### Extracted records
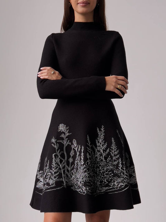 34% İndirimÇiçek İşlemeli Siyah Mini Elbise
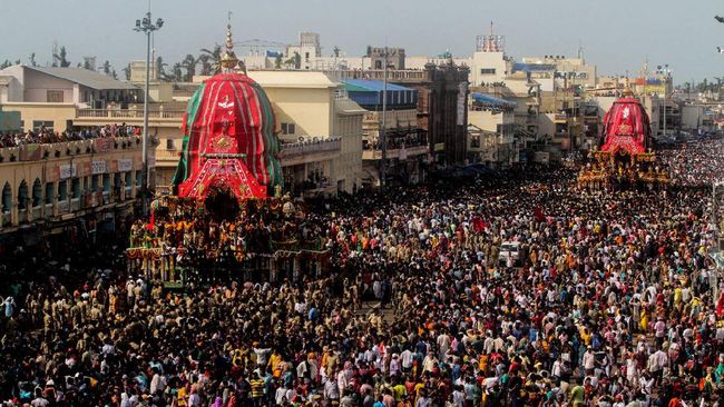 Jakarta - Tiga orang tewas dan enam lainnya luka-luka akibat berdesak-desakan di festival tahunan Rath Yatra India, Minggu (29/6). Otoritas setempat menyatakan bahwa jumlah umat yang hadir jauh lebih besar dibandingkan tahun sebelumnya.
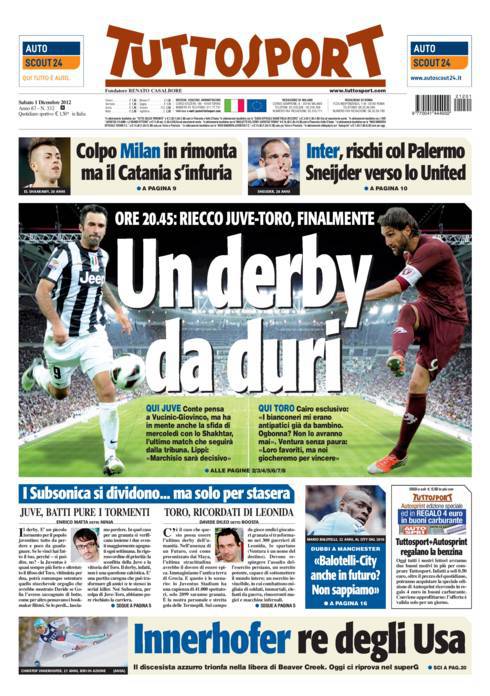 Tuttosport: Un derby da duri 01/12/2012 di Admin3 TUTTOSPORT DERBY – Juventus-Torino, il derby ritorna, in campo alle ore 20.45. La redazione di Calciomercatonews.com
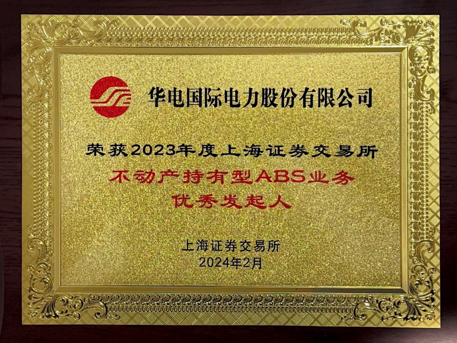 华电国际积极开展权益类REITs项目发行工作,2023年、2024年连续两年荣获上海证券交易所“资产证券化业务优秀发起人”荣誉称号。
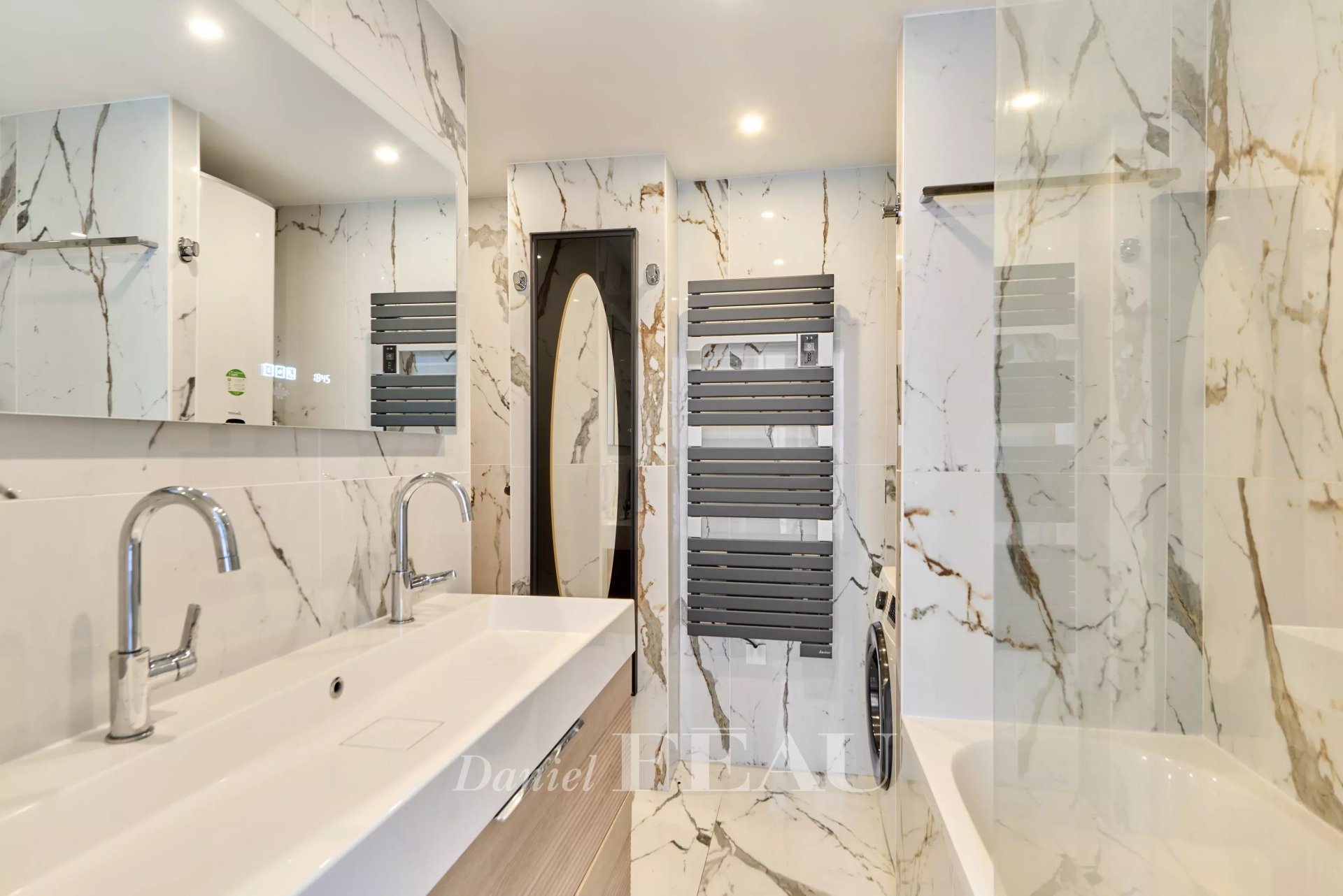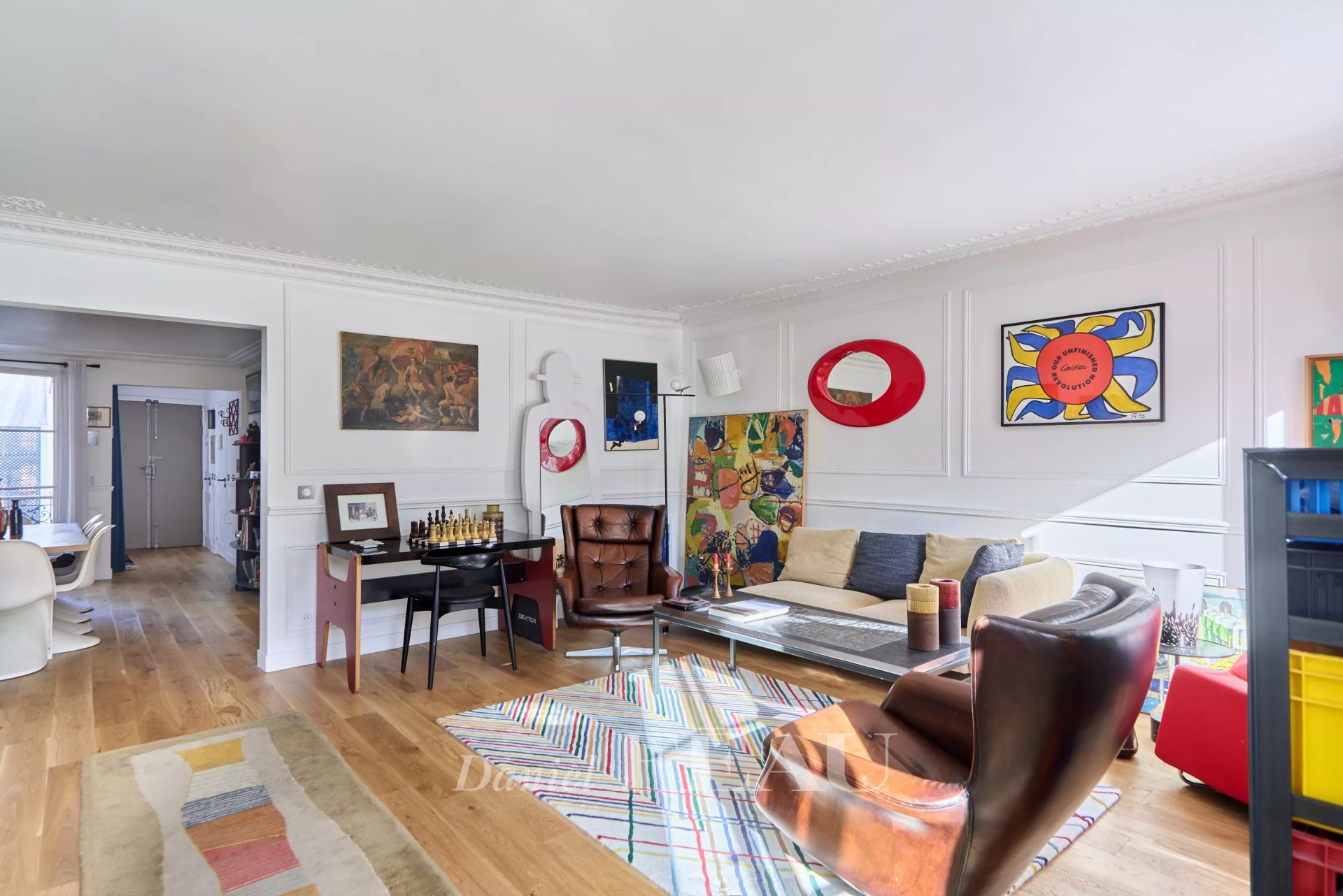 Bon Marché neighbourhood, near Duruy high school and the shops. This bright and peaceful dual-aspect apartment in perfect condition is on the 3rd floor of a luxurious mid 19th century building with a lift. It includes a spacious living/reception room, a dining room with an open-plan kitchen, a suite with a shower room and dressing room, a second bedroom, a study or spare bedroom, a bathroom/wc and a guest wc.
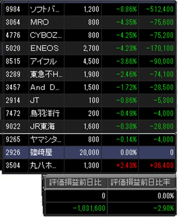 主力の東海旅客鉄道が小幅安にとどまっても大部分の銘柄が派手に下落して、資産全体でも指数より大幅な下げに。1日で100万円を超える下落はあまり見ないですが、想定の範囲内でした。これくらい下げてるかな、と思って口座を開きました。
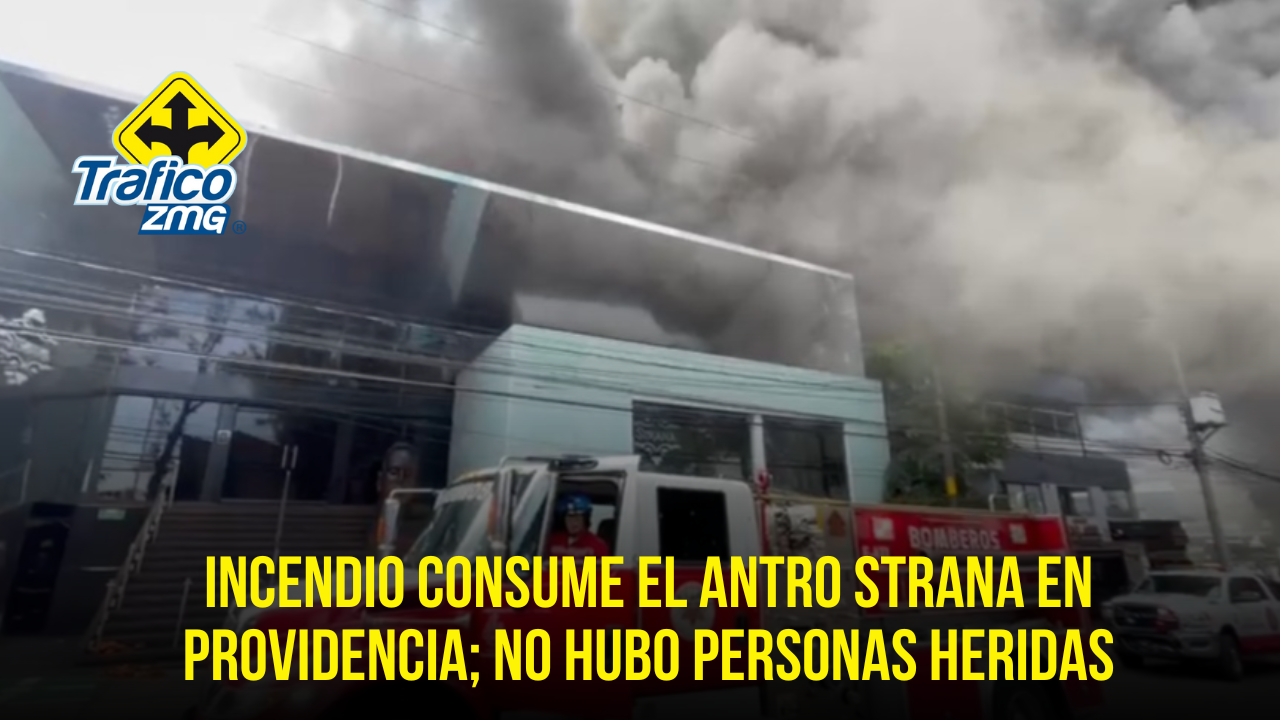 La mañana de este miércoles, un fuerte incendio se registró al interior del antro Strana, ubicado sobre la avenida Pablo Neruda, entre Rubén Darío y Ontario, en la colonia Providencia de Guadalajara. Una densa columna de humo alarmó a vecinos y comerciantes de la zona, quienes realizaron múltiples reportes al 911.

### Required work
Only the lines from the first line of the listing above through the line with "华电国际积极开展权益类REI" should be set down, exactly and without pictures.

### Task response
 34% İndirimÇiçek İşlemeli Siyah Mini Elbise
 Jakarta - Tiga orang tewas dan enam lainnya luka-luka akibat berdesak-desakan di festival tahunan Rath Yatra India, Minggu (29/6). Otoritas setempat menyatakan bahwa jumlah umat yang hadir jauh lebih besar dibandingkan tahun sebelumnya.
 Tuttosport: Un derby da duri 01/12/2012 di Admin3 TUTTOSPORT DERBY – Juventus-Torino, il derby ritorna, in campo alle ore 20.45. La redazione di Calciomercatonews.com
 华电国际积极开展权益类REITs项目发行工作,2023年、2024年连续两年荣获上海证券交易所“资产证券化业务优秀发起人”荣誉称号。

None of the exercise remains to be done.